Vaudoo Freaks

Parade Vaudoo Décalée, de jour comme de nuit

(english version below)

Spectacle déambulatoire mettant en scène des prêtres vaudous décalés, prenant à parti le public dans leur délire mystique. Les artistes (comédiens et échassiers) défilent autour d’un étrange véhicule qui diffuse la bande son de ce périple hors norme ainsi qu’une certaine odeur d’ailleurs. Le projet s’adresse tant à un public de curieux s’étant déplacés pour y assister, qu’aux passants interloqués par cette rencontre improbable qui bouscule leur quotidien.

Quelle est donc cette étrange procession ?
Est-ce un cortège funéraire ?
Un cercueil qui circule ?
Quelle espèce de célébration macabre se déroule juste sous nos yeux ?

     De bien étranges personnages grotesquement grimés, au regard vif et brillant, à la tenue sombre, racée et baroque, arpentent la rue, purifiant le sol d’un incongru mélange de rhum et d’eau avec lequel ils vous invitent à vous laver les mains. Ce sont des prêtres du vodoun, les messagers d’un art de la médecine, une philosophie, une culture, une pratique de la  danse, de la musique et du langage, un style particulier de justice et de pouvoir, une tradition de communication avec l’Au-delà.

     Pour chasser les mauvais esprits, ils fouettent l’air et les corps des badauds à l’aide de branchages, tout en répandant une étrange poussière autour d’eux. Du hauts de leurs échasses, ils veillent l’arrivée des lwas , scandant Mami Wata, Gu, Erzulie et Damballa. Ces esprits vaudou de l’eau, du tonnerre, de l’amour et de la connaissance semblent flotter invisibles au-dessus de ce char bigarré, surplombé de cranes d’animaux et de poupées inquiétantes, faites de paille et de tissus, le tout éclairé de flammes et nimbés dans un nuage de fumée. Cette tribu vodoun qui célèbre Mawu, l’inaccessible, en appelle à papa Legba pour ouvrir les portes des mondes : le nôtre et celui de l’invisible.

     Et voilà qu’ils s’agitent. Une incorporation est imminente, un esprit a fait part de sa volonté d’ «atterrir» dans le corps d’une personne et voilà celle-ci au cœur d’un rituel fait de mille attentions intrusives.
Psalmodies, décoiffage, caresses, manipulations abruptes, léchage de la peau jusqu’à ce qu’ils se mettent à vivre une bacchanale orgiaque faite de cris et de grimaces soutenue par une musique faite de chant et de percussions. Un esprit vient de posséder l’un des prêtres. Et voilà que l’esprit d’un Lwas nous offre ses surprenantes et incompréhensibles révélations, demande à fumer, à manger ou à boire et s’exprime comme un ancien général arrogant et autoritaire ou comme une vielle femme indigente. La possession terminé, voilà notre possédé titubant et hagard, pris en charge par cette surprenante meute qui repart en quête de contact avec d’autres esprits, un peu plus loin dans la ville.

Walk-act Performance about Voodoo (day or night)

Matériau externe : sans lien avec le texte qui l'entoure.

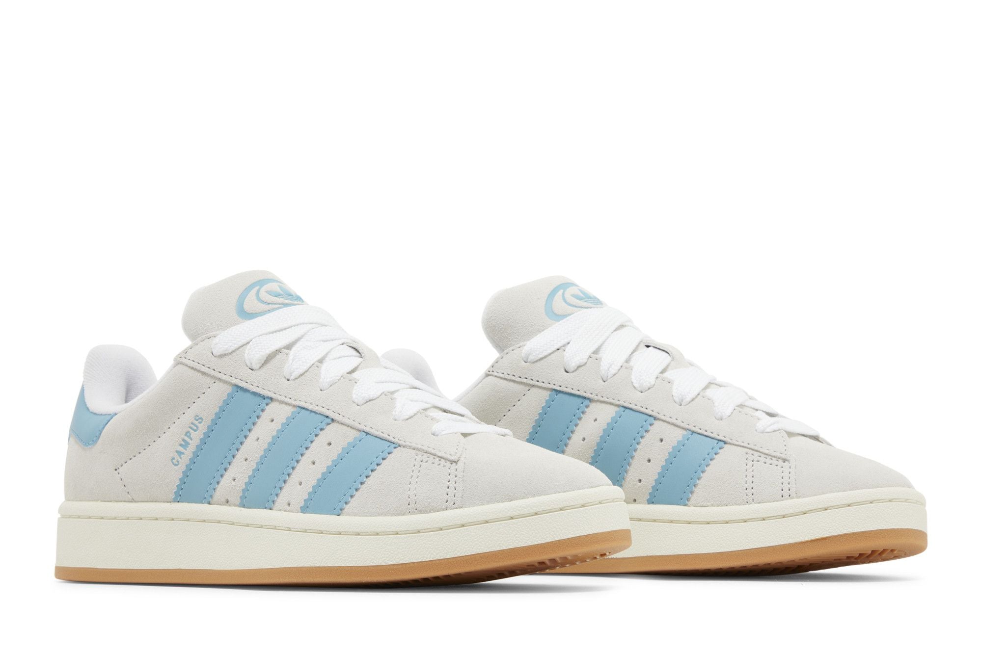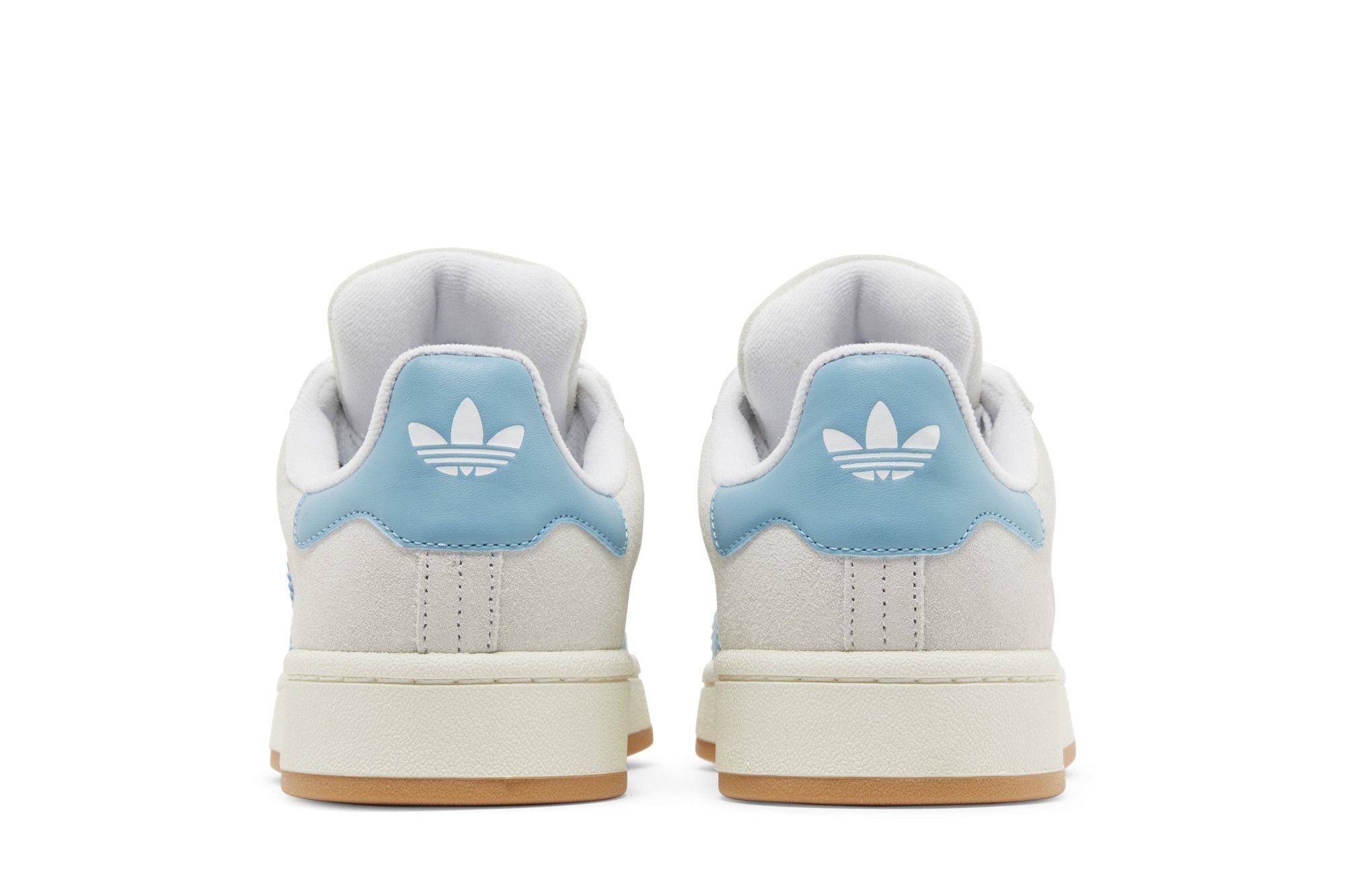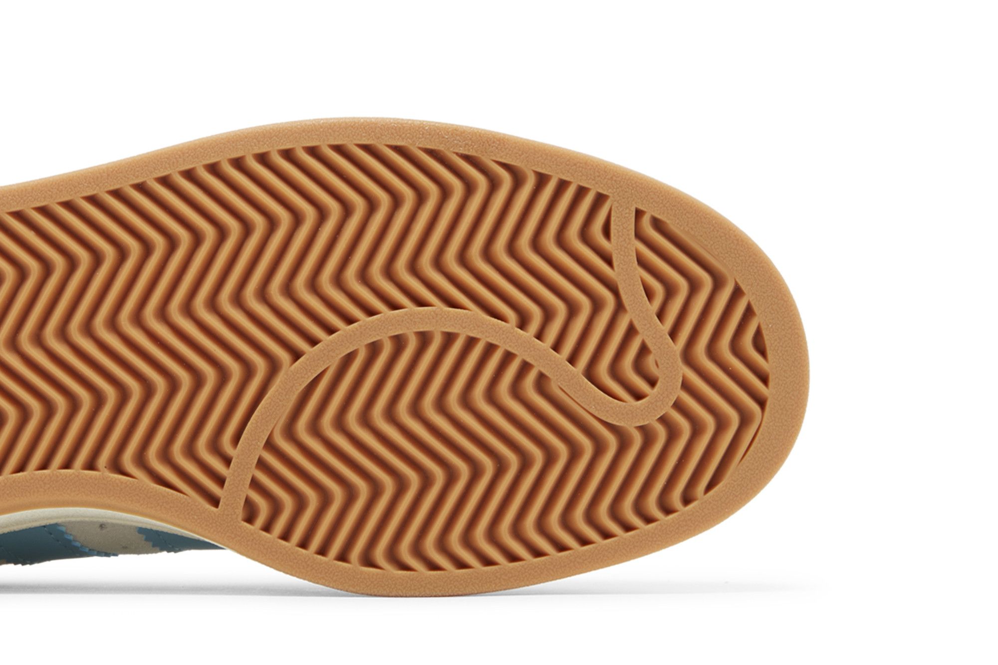 The Adidas Campus 00s Crystal White Preloved Blue features a grey suede base, accompanied by three thick blue leather stripes on the side panel, characteristic of the brand and combined with the heel tab. Close to the Campus 80s, this model also reveals a yellowed sole, to accentuate the vintage effect, accompanied by a rubber sole. Check the product specifications on Adidas

What the hell is that strange procession ?
Is it a funeral cortege?
A coffin circulating ?
Which kind of macabre celebration is unfolding right before our eyes ?

Such weird characters, grotesquely maked up, with a keen and shining gaze, in dark streamlined suits, are striding along the street. They are purifying the floor with an incongruous mix of rum and water, inviting you to wash your hands with it.

They are voodoo priests, messengers of an art of medicine, a philosophy, a Culture, a skill of dance, music and language, a particular kind of justice and power, a tradition of communication with the hereafter.

In order to purchase bad spirits, they flog the air and onlookers’s bodies with branches, while spreading a strange dust all over.

     From atop their stilts, they look after the Lwas, chanting Mami Wata, Gu, Erzulie and Damballa. These voodoo spirits of water, thunder, love and knowledge seem to be floating over this assorted trolley, overhanged by animals’ skulls and scaring dolls made of straw and fabric, all lighten by flames and encircled by a cloud of smoke.

     This Voodoo tribe celebrating Mawu, the inaccessible, appeal to Papa Legba to open the gates of the worlds : our’s and the invisible’s one.